Stan Druckenmiller Loads up on Stocks

Here are the legendary macro investor’s favorite new stakes in the third quarter and the major positions he slashed.

Stanley Druckenmiller (Christopher Goodney/Bloomberg)

(Christopher Goodney/Bloomberg)

Stan Druckenmiller went on a stock-buying spree in the third quarter. The legendary macro maven established 31 new U.S. common stock positions during the period, the second-most new positions he has taken in any quarter in over four years, according to the most recent 13F filing, detailing the third-quarter U.S. stock holdings of Druckenmiller’s Duquesne Family Office.

At the end of the third quarter, Duquesne held 73 different common stocks totaling about $2.4 billion — the largest number of issues it has ever held since it began filing quarterly stock holding documents. The U.S. asset allocation is more or less consistent with previous years.

At the same time, Duquesne fully unloaded 22 different common stocks last quarter, none of which were significant holdings the previous quarter.

Only one of the 31 new positions is currently a major holding. The SPDR S&P Regional Banking exchange-traded fund is now Duquesne’s seventh-largest U.S. common stock long position. It is up more than 11 percent since Election Day.

Of the 30 other new positions, most are rather insignificant, each representing less than 0.5 percent of the overall portfolio’s assets. However, a few are medium-size.

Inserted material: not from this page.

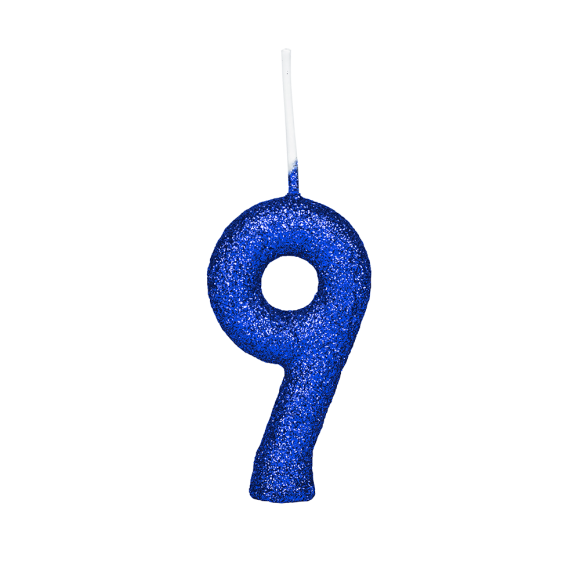 VELA CINTILANTE GLITTER AZUL NÚMERO 9 REGINA
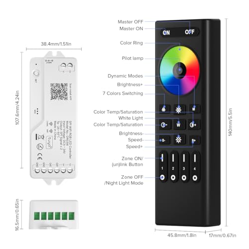 BTF-LIGHTING Contrôleur LED 2.4G WiFi SPI RGB DR03W et Télécommande RF RC03RFB Kit Supporte Contrôle APP Tuya/Smart Life Contrôle Vocal Tiers pour WS2811 WS2812B WS2813 WS2815 etc. Bandes LED RGB

For example, Duquesne’s second-largest new position in the third quarter was Broadcom, the maker of semiconductor and infrastructure software products. The stock, which is now Duquesne’s 14th-largest U.S. common stock long, is down about 10 percent since Election Day. Biopharmaceuticals company Ascendis Pharma is Duquesne’s third-largest new position.

In the third quarter, Duquesne also made major additions and subtractions to previous top holdings. For one, it boosted its stake in Natera, a clinical genetic testing company, by 80 percent, making it the family office’s largest U.S. common stock long at the end of September.

And in the same quarter, Duquesne sharply cut the stakes of several former top-ten positions.

The most significant sale: The family office unloaded about 90 percent of its shares in Microsoft after selling approximately 64 percent of its stake in the second quarter. The cloud computing giant went from being Duquesne’s largest U.S.-listed common stock long at the end of the first quarter to just the 32nd-largest at the end of September.

Duquesne also sharply cut its stakes in two energy-related companies in the third quarter.

It reduced its position in energy infrastructure company Kinder Morgan by more than 60 percent. It dropped to the 11th-largest long from eighth place at the end of the second quarter. And Duquesne slashed its stake in Vistra Corp. by about 85 percent. The retail electricity and power generation company was the family office’s third-largest U.S. long at the end of the second quarter.

It is not known exactly how the rest of Duquesne’s portfolio is positioned. But at an October investment conference, Druckenmiller provided some general insights into his non-U.S. stock investments.

He said he was shorting U.S. bonds and not participating in the then-rally in Chinese stocks, saying he has “no interest” in China “as long as Xi Jinping is running” the country, according to MarketWatch, citing observers at the conference. Druckenmiller said the bond shorts accounted for between 15 and 20 percent of his portfolio, per MarketWatch. He told attendees he did not know whether it would take six months or six years for the bond bet to play out. The investor also noted that he “loves” Japan, according to the report, and deemed Argentina a “great investment opportunity” with a “brilliant leader,” referring to Javier Milei, who was elected president last year.